# Supplied material
---
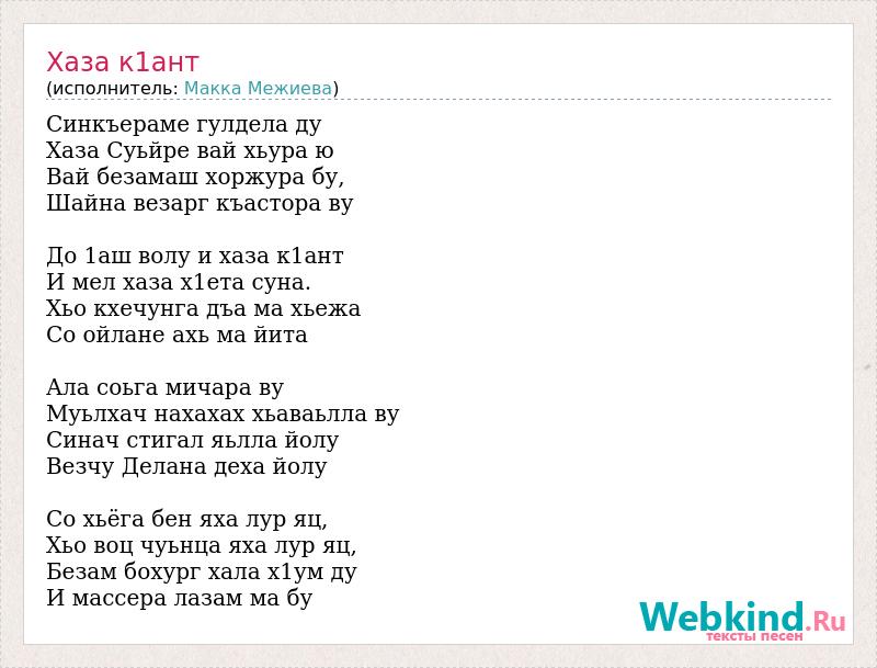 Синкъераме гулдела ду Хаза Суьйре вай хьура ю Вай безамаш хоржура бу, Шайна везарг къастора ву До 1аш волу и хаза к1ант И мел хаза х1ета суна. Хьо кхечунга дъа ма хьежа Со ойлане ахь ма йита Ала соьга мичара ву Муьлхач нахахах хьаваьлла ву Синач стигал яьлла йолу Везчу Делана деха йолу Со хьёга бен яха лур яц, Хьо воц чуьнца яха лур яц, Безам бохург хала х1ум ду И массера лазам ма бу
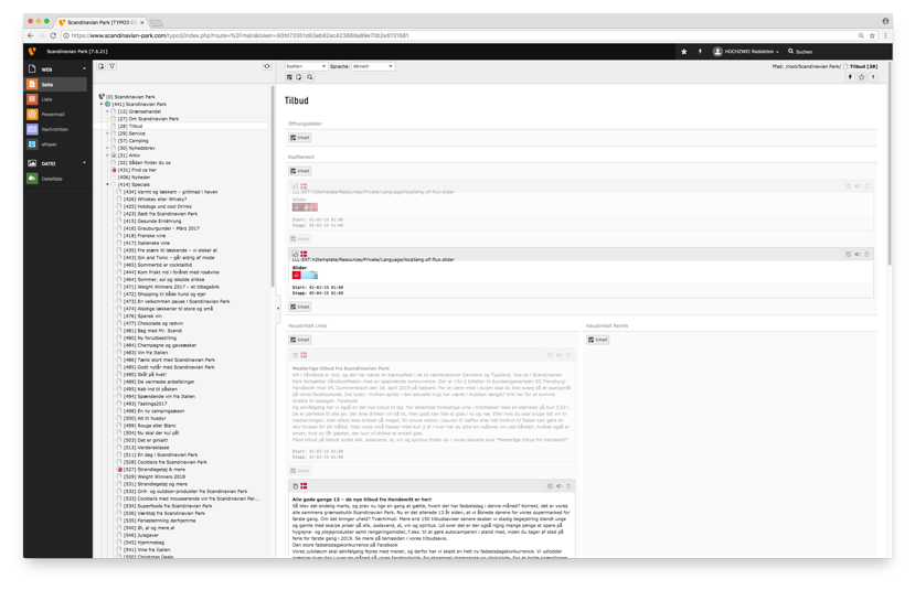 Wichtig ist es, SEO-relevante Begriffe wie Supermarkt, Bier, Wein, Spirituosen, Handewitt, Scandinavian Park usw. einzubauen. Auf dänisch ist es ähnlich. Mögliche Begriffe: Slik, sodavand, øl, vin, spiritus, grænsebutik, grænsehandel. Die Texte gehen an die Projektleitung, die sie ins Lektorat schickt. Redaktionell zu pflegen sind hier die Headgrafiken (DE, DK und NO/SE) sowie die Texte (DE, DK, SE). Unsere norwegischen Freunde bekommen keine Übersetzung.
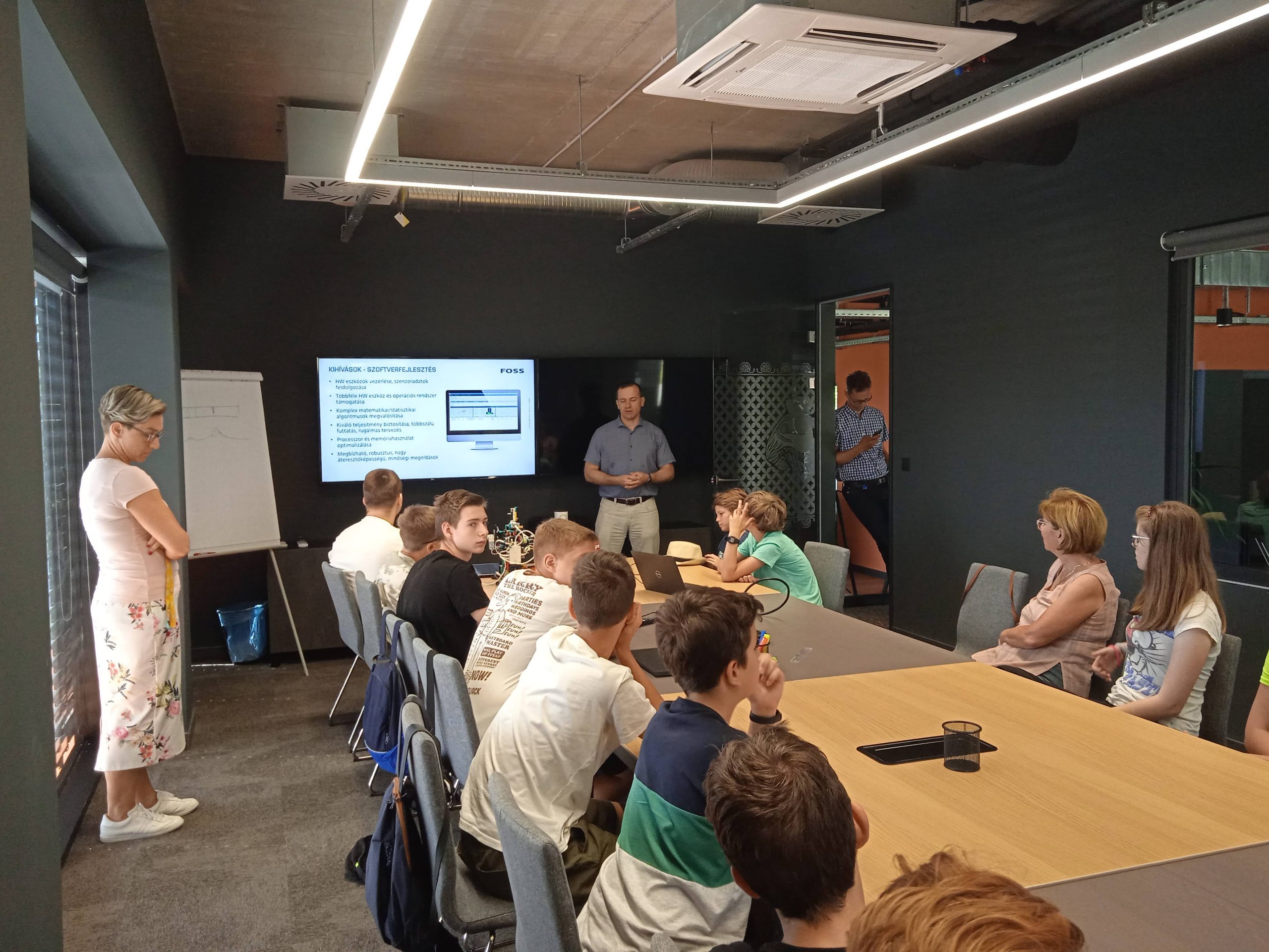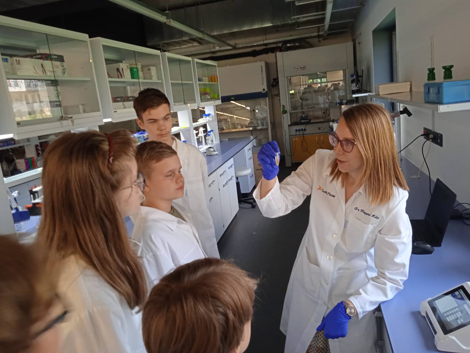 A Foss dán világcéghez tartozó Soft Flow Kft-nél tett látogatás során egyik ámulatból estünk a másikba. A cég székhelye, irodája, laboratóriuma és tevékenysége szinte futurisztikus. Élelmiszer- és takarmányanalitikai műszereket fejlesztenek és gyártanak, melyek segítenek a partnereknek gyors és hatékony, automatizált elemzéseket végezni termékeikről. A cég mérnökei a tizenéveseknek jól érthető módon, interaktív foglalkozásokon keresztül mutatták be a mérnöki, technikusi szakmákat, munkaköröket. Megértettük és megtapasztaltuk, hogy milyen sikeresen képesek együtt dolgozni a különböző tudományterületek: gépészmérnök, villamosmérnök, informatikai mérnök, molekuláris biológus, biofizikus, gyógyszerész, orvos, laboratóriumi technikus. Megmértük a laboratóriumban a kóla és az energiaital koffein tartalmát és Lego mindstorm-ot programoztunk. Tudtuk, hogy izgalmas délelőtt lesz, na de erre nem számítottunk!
---
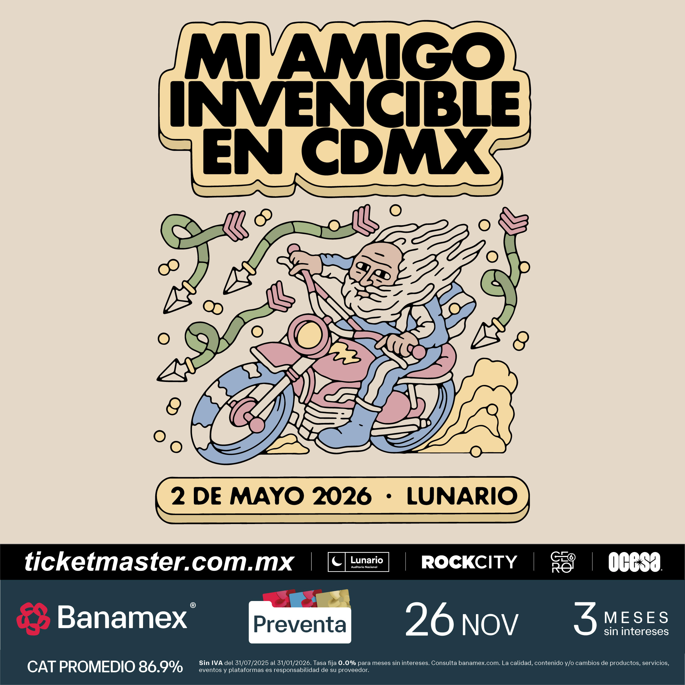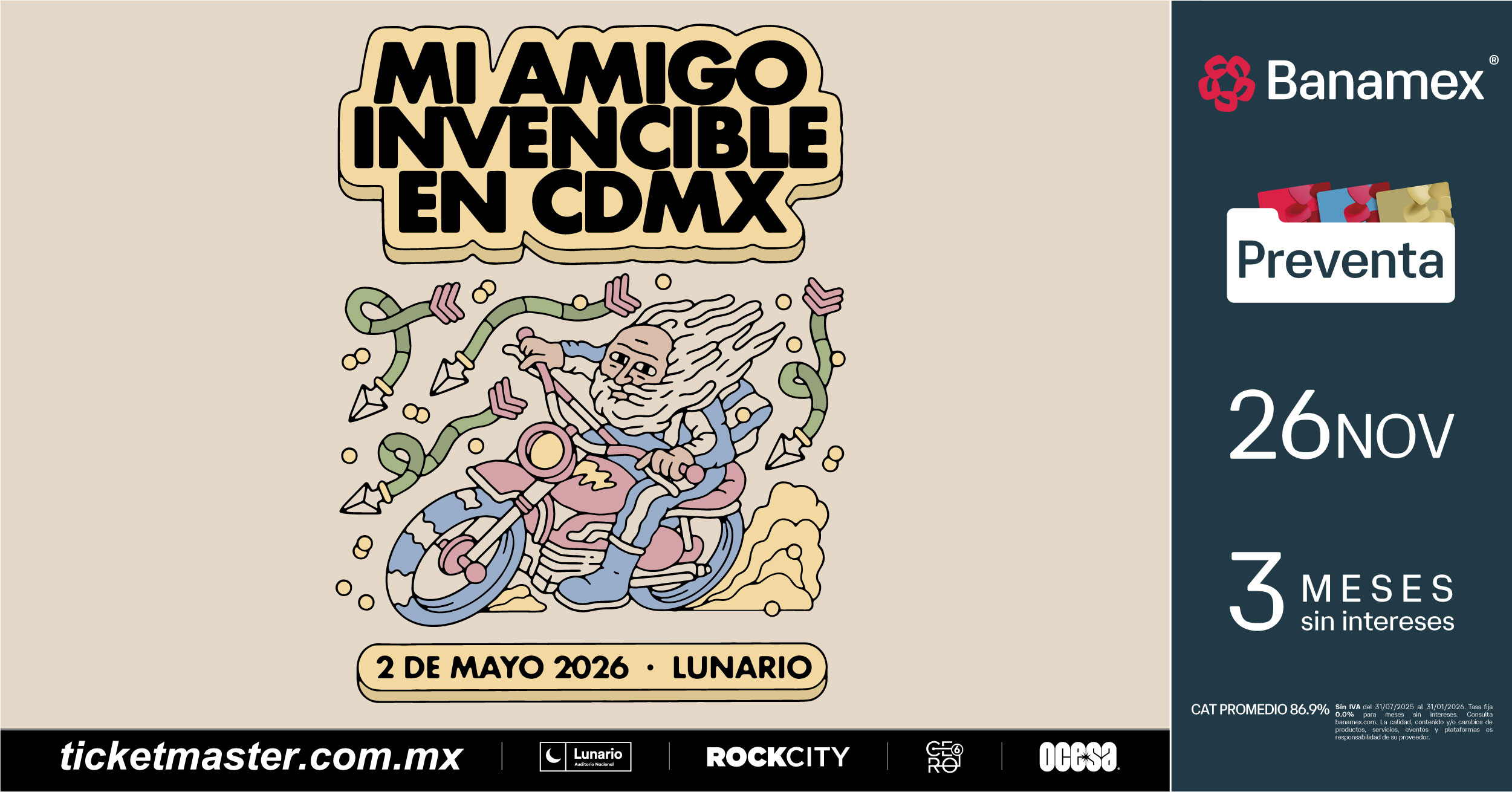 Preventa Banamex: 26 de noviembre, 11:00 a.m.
---
# Your assignment
Start at the line above containing "Синкъераме гулдела ду" and stop at the line containing "Wichtig ist es, SEO-relevante": print those lines and everything between them exactly, but not the pictures.

# Result of the task
 Синкъераме гулдела ду Хаза Суьйре вай хьура ю Вай безамаш хоржура бу, Шайна везарг къастора ву До 1аш волу и хаза к1ант И мел хаза х1ета суна. Хьо кхечунга дъа ма хьежа Со ойлане ахь ма йита Ала соьга мичара ву Муьлхач нахахах хьаваьлла ву Синач стигал яьлла йолу Везчу Делана деха йолу Со хьёга бен яха лур яц, Хьо воц чуьнца яха лур яц, Безам бохург хала х1ум ду И массера лазам ма бу
 Wichtig ist es, SEO-relevante Begriffe wie Supermarkt, Bier, Wein, Spirituosen, Handewitt, Scandinavian Park usw. einzubauen. Auf dänisch ist es ähnlich. Mögliche Begriffe: Slik, sodavand, øl, vin, spiritus, grænsebutik, grænsehandel. Die Texte gehen an die Projektleitung, die sie ins Lektorat schickt. Redaktionell zu pflegen sind hier die Headgrafiken (DE, DK und NO/SE) sowie die Texte (DE, DK, SE). Unsere norwegischen Freunde bekommen keine Übersetzung.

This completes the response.